• A link to more information on Oral heath and frequently asked questions.
    Read More.
  • For information and resources related to professional development and patient care. Read More.
  • Know more about SLDA, the national dental association of Sri Lanka. Learn about it's services to the profession and benefits to the members and community. Read More.

Sri Lanka Dental Journal , 2011 April (Vol:41 No:1)

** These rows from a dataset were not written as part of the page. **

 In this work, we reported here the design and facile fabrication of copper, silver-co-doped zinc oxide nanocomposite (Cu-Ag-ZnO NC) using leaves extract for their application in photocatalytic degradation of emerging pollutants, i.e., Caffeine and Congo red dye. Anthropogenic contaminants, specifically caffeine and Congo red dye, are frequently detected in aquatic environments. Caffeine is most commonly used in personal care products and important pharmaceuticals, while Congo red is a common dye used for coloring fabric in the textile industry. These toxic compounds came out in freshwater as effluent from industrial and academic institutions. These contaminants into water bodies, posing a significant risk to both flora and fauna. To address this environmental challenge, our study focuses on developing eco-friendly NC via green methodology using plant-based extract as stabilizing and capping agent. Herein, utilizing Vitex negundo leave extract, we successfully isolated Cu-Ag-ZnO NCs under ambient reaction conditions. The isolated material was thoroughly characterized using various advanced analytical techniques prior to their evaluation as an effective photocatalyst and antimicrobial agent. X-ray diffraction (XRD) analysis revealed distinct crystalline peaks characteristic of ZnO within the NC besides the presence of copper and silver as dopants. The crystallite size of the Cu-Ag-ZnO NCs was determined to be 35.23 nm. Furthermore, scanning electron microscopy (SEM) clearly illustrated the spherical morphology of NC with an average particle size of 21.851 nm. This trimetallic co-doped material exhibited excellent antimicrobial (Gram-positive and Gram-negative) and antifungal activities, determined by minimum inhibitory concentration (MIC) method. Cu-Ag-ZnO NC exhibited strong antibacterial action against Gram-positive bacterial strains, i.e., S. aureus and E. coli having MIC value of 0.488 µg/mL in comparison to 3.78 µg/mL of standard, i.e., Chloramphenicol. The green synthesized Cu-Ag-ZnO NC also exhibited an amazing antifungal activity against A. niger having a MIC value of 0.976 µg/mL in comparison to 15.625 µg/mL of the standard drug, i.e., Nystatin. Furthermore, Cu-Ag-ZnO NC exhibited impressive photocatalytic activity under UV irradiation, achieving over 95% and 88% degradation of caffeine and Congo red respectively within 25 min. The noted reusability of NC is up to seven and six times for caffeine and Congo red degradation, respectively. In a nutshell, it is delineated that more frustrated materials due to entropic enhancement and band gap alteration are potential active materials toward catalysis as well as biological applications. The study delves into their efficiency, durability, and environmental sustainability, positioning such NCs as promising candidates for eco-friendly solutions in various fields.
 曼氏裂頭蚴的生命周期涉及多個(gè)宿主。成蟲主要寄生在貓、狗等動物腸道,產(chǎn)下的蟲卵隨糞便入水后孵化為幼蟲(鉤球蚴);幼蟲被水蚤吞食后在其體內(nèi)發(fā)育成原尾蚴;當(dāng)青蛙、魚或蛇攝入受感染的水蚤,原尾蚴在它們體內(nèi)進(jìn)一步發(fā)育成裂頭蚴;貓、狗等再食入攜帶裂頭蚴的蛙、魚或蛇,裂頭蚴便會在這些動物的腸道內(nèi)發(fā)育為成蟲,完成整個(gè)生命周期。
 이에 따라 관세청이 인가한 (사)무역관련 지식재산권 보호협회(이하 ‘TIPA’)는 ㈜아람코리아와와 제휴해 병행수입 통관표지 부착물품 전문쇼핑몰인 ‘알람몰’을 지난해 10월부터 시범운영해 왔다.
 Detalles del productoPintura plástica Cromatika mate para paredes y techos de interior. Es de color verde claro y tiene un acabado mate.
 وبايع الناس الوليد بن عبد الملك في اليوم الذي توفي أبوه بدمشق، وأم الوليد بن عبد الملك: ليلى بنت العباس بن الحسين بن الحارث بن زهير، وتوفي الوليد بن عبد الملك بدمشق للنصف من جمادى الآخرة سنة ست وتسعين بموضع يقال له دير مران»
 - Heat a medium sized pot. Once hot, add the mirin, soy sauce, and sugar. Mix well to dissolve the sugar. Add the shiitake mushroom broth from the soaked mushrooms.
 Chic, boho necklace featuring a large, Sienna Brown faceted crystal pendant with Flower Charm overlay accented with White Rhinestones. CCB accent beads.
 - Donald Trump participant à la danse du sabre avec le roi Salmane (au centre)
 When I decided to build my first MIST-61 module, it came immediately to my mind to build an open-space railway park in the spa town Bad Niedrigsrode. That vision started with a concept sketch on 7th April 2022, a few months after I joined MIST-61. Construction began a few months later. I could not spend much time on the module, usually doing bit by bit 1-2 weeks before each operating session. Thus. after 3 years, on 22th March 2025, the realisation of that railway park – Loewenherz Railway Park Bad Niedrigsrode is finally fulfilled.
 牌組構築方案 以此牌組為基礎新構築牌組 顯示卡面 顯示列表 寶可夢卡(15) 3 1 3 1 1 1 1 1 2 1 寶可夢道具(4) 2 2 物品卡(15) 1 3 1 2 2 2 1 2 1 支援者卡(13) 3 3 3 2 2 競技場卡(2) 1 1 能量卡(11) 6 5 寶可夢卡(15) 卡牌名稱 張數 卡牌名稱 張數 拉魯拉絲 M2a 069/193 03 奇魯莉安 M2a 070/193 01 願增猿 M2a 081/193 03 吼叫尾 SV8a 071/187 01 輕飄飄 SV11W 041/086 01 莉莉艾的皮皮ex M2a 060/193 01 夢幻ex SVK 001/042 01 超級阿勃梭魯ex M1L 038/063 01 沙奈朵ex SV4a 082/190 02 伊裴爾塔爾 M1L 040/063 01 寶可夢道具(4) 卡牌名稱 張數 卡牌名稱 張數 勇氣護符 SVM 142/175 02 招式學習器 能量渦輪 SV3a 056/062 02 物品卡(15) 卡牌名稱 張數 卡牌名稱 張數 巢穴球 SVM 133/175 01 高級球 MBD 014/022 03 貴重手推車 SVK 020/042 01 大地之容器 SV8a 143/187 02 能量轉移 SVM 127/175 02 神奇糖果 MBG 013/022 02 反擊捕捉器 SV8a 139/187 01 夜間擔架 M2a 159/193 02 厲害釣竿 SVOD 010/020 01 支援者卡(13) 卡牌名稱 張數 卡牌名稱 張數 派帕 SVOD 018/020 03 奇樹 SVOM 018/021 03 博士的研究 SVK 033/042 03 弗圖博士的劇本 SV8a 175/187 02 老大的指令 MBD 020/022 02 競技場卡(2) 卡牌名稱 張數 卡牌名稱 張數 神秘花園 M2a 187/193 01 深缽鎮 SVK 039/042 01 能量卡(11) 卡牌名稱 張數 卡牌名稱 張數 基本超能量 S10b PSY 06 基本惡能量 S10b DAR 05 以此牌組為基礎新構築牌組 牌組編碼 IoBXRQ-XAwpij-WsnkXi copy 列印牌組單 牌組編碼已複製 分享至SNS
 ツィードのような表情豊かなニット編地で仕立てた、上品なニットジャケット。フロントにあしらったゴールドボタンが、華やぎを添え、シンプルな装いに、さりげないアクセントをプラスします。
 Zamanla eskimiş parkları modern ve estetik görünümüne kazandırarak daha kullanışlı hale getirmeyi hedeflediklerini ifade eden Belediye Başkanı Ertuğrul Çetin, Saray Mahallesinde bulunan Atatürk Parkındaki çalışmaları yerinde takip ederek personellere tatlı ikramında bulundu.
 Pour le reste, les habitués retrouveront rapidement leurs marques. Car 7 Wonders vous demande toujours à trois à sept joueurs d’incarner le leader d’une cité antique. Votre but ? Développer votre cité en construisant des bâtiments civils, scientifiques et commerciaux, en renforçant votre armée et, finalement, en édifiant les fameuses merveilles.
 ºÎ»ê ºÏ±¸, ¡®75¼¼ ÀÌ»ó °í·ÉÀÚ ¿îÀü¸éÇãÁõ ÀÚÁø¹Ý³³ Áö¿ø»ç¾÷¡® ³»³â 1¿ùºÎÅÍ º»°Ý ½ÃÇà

Author(s): E.M.U.C.K. Herath, P.R. Jayasooriya, I.R. Perera
Other formats: Abstract , PDF
Published on: Wed, 15 Aug 2012 15:05:40 +0530
Last updated on: Wed, 15 Aug 2012 15:05:40 +0530
Sri Lanka Dental Journal, 2011 April (Vol:41 No:1)

Descriptive analysis of subtypes of amelogenesis imperfecta


Amelogenesis imperfecta (AI) is defined as clinically and genetically diverse group of conditions that are caused by mutations in genes. The present study aims to describe the different clinical presentations, patterns of inheritance and syndromic forms observed in a group of children with AI in Sri Lanka, in order to create awareness among Dental Surgeons, regarding this complicated group of disorders.

Study sample
The study sample comprised of 12 females and 8 males belonging to sixteen families.

Hypoplastic type (Type I) of AI was the commonest form affecting 45% of the children. Thirty percent of children showed features of hypomaturation type (Type II) while 15% and 10% showed features of hypocalcification (Type III), hypoplastic/hypomaturation (Type IV) form of disease respectively. Sub typing performed with Witkop and Sauk classification as a guidline revealed all sub types except for IE (hypoplastic diffuse smooth type), IIC and D (hypomaturationsnow capped type) and IIIB (hypocalcified-diffuse type). Children who may have Kohlschutter syndrome, Cone rod dystrophy and Tricho-dentoosseous syndrome were identified and are undergoing further investigations to confirm the diagnoses.

By describing the different forms f AI, we expect to improve the awareness of this complicated group of conditions among Sri Lankan Dental Surgeons. In addition, the importance of identifying the syndromic forms of AI is highlighted.

Key words
Amelogenesis imperfect, pattern of inheritance.

Dr. E.M.U.C.K. Herath
BDS, MS (Restorative Dentistry), Senior Lecturer and Consultant Paedodontist, Div of Paedodontics, Department of Community Dentistry, Faculty of Dental Sciences, University of Peradeniya, Sri Lanka.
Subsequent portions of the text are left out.